Alguns meses mais tarde, um taxista que levava pacientes para consultas particulares com Shipman, começou a desenvolver também suspeitas — tendo em conta que muitas dessas pessoas morriam. Era uma taxa de letalidade muito grande.

E depois houve o caso ultra suspeito da sua última vítima, Kathleen Grundy, que foi encontrada morta na sua casa no mesmo ano. Shipman teria sido a última pessoa a estar com ela, e o médico teria decretado o seu óbito por “velhice”.

A filha de Grundy, que era advogada, ficou preocupada quando foi informada de que tinha sido feito um testamento, aparentemente pela sua mãe, e havia dúvidas sobre a autenticidade do documento. Afinal, este testamento excluía a família de Grundy e deixava mais de 300 mil euros a Harold Shipman.

A investigação começou depois da descoberta desse documento, e o corpo de Kathleen Grundy foi exumado para ser analisado — continha vestígios de uma substância potencialmente letal, usada para tratar pacientes com muitas dores, a sofrer de cancros terminais.

Shipman alegou que ela era uma toxicodependente, o que tentou provar com documentos médicos elaborados por si — mas os documentos, quando analisados, mostraram à polícia que tinham sido escritos pelo médico depois da morte de Grundy. Harold Shipman foi preso dois meses depois do homicídio e na sua casa foi encontrada uma máquina de escrever que correspondia à que tinha sido usada para redigir o testamento falsificado.

Depois deste crime, a polícia lançou uma investigação a outros casos em que Shipman tinha confirmado as mortes, e descobriram um padrão: o uso de substâncias potencialmente letais, a assinatura das certidões de óbito e a falsificação de registos médicos que indicava que eles estavam em más condições de saúde.

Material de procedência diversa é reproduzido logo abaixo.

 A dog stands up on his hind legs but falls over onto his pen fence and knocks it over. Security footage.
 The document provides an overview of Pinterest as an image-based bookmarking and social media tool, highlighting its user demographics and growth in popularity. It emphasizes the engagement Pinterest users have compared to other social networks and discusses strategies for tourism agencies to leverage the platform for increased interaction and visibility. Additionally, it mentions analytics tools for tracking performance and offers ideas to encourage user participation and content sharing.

Depois disso, o médico foi acusado de 15 homicídios por injeção letal, ocorridos entre 1995 e 1998, pelos quais foi condenado a prisão perpétua em 1999. Harold Shipman sempre negou todas as acusações e nunca falou em público sobre os crimes — nunca houve qualquer explicação.

Ao longo dos anos seguintes, foram feitas mais investigações e descobriram-se muito mais casos de assassinato. Harold Shipman teria morto pelo menos 215 vítimas — um número que pode ascender a várias outras dezenas de casos que não se conseguiu confirmar. Tendo em conta estes números e os registos disponíveis, é o serial killer com mais vítimas de sempre.

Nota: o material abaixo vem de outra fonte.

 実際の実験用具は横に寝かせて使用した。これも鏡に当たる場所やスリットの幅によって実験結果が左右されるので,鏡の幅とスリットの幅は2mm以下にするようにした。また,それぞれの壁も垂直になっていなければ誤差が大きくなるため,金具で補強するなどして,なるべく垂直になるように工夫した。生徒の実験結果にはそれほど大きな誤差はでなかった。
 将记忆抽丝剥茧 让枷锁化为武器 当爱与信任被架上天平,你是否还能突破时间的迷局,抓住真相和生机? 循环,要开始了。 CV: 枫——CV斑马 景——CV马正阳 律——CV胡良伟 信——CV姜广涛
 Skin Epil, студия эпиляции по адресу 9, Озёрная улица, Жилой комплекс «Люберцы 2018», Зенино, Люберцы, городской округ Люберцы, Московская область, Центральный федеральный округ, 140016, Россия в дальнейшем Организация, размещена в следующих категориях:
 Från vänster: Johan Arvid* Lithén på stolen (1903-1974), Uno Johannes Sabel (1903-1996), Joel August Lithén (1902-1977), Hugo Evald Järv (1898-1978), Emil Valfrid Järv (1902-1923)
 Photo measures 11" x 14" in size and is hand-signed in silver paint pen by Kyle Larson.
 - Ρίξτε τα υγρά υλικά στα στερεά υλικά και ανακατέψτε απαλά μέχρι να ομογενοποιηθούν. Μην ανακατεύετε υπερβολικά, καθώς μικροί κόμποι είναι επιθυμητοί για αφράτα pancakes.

Em 2004, na véspera do seu 58.º aniversário, o médico suicidou-se na prisão — enforcou-se com os lençóis da cama, que prendeu às grades da cela.

O documentário tem entrevistas com alguns familiares das vítimas e com o único psiquiatra que alguma vez o avaliou, um colega seu do Hospital Pontefract — onde terá começado os homicídios. A produção tem reconstituições de vários dos seus crimes, em particular as 12 pessoas que assassinou no mesmo edifício.

O primeiro episódio começa por mostrar como Shipman era um médico conceituado, alguém em quem os pacientes confiavam, antes de relatar os crimes. O segundo capítulo já se foca em como na vila de Hyde, onde trabalhou desde o final dos anos 70 até aos anos 90, todos ficaram chocados com as descobertas — que só ficaram mais graves ao longo dos anos e que obrigaram à exumação de várias vítimas para descobrir o rasto do assassino.